PanAust’s Phu Kham copper-gold operation (Phu Kham) in Laos is currently limited by throughput in the Semi Autogenous Grinding (SAG) mill. The ability to accurately predict SAG mill throughput (throughput) is therefore critical to accurately forecast copper and gold production. During the fourth quarter of 2016 the proportion of hard unweathered rocks in the mill feed increased, resulting in a period of lower than expected throughput. These low throughput rates prompted a study with the aim of identifying a practical solution for throughput predictions. The study identified an empirical modelling approach based on actual SAG mill throughput rates. The empirical model was then optimised by linear programming to identify the ideal feed blend of unweathered rocks to achieve a maximum SAG mill throughput.
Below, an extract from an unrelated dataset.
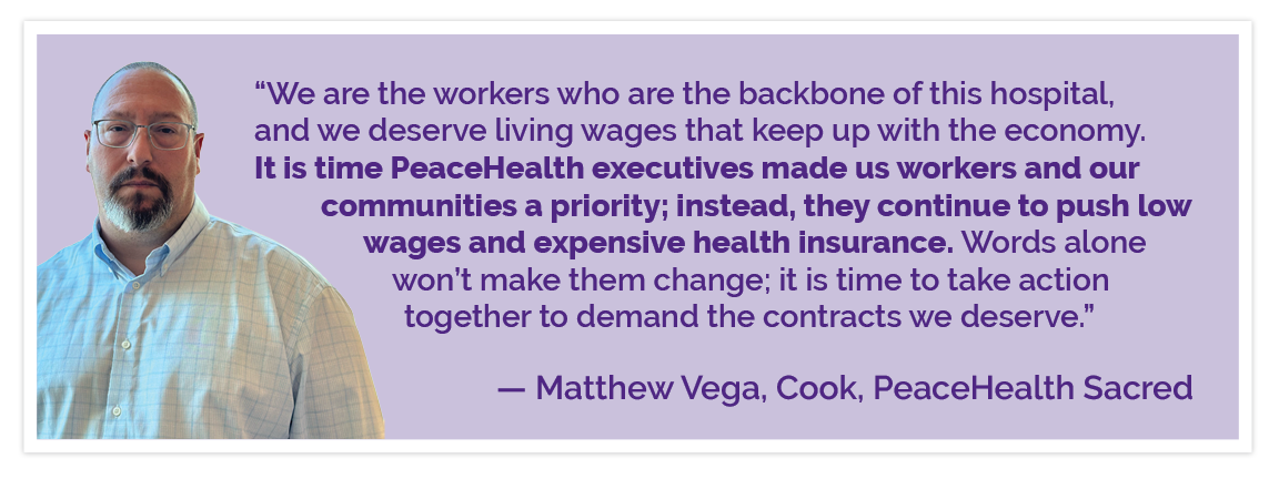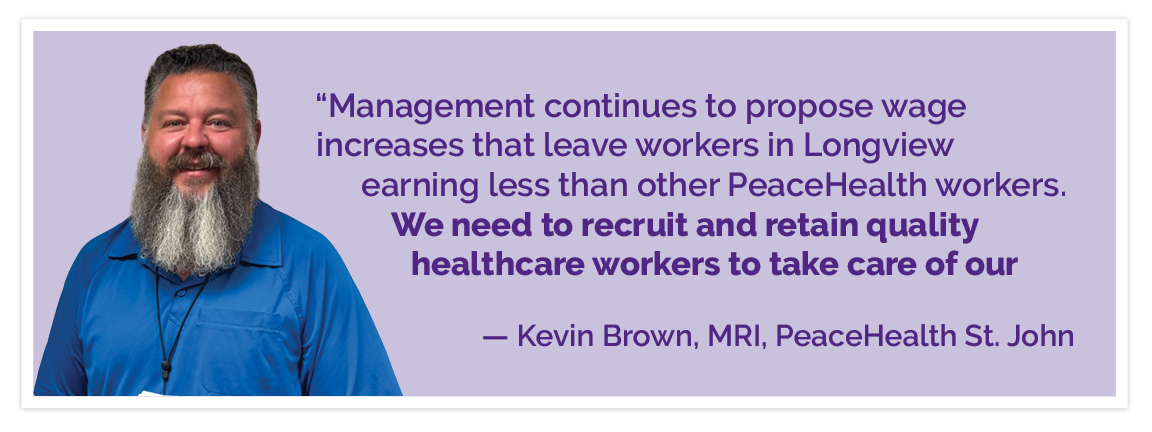 Caregivers across PeaceHealth—from Sacred Heart to St. John—are standing together for one standard of care. We’re united for fair pay, affordable healthcare, and strong job protections—because when every PeaceHealth worker is respected and supported, we can provide the best possible care for every patient in our communities.

Rock strength was the initial focus of the throughput study at Phu Kham because previous studies had identified a strong link between rock strength and throughput. It was determined that there was insufficient valid data to adequately model but sufficient data to qualitatively characterise rock strength. The data identified that the weathering and lithology had a controlling influence on the rock strength. Complicating throughput predictions were operational improvements (changes to blasting and mill settings) implemented in response to the lower than expected throughput. This created uncertainty with the throughput equations. A self-learning empirical modelling method was developed to predict the throughput by incorporating fundamental rock properties with operational practices and improvements. The method is based on the proportion of mill feed with similar weathering and lithology (a proxy for comminution performance) and the actual mill throughput using the SAG mill as the analytical instrument. The modelling method simultaneously incorporated the sum and interaction of unmodelled influences including blasting, crushing and mill settings. The empirical modelling method worked at Phu Kham because the lithology and weathering has an intuitive and observable controlling influence on SAG mill throughput. The modelling method is described along with a worked example of feed blend optimisation using linear programming.
Carpenter, J and Saunders, B, 2017. Empirical mill throughput modelling and linear programming for blend optimisation at the Phu Kham copper-gold operation, Laos, in Proceedings Tenth International Mining Geology Conference 2017, pp 291–296 (The Australasian Institute of Mining and Metallurgy: Melbourne).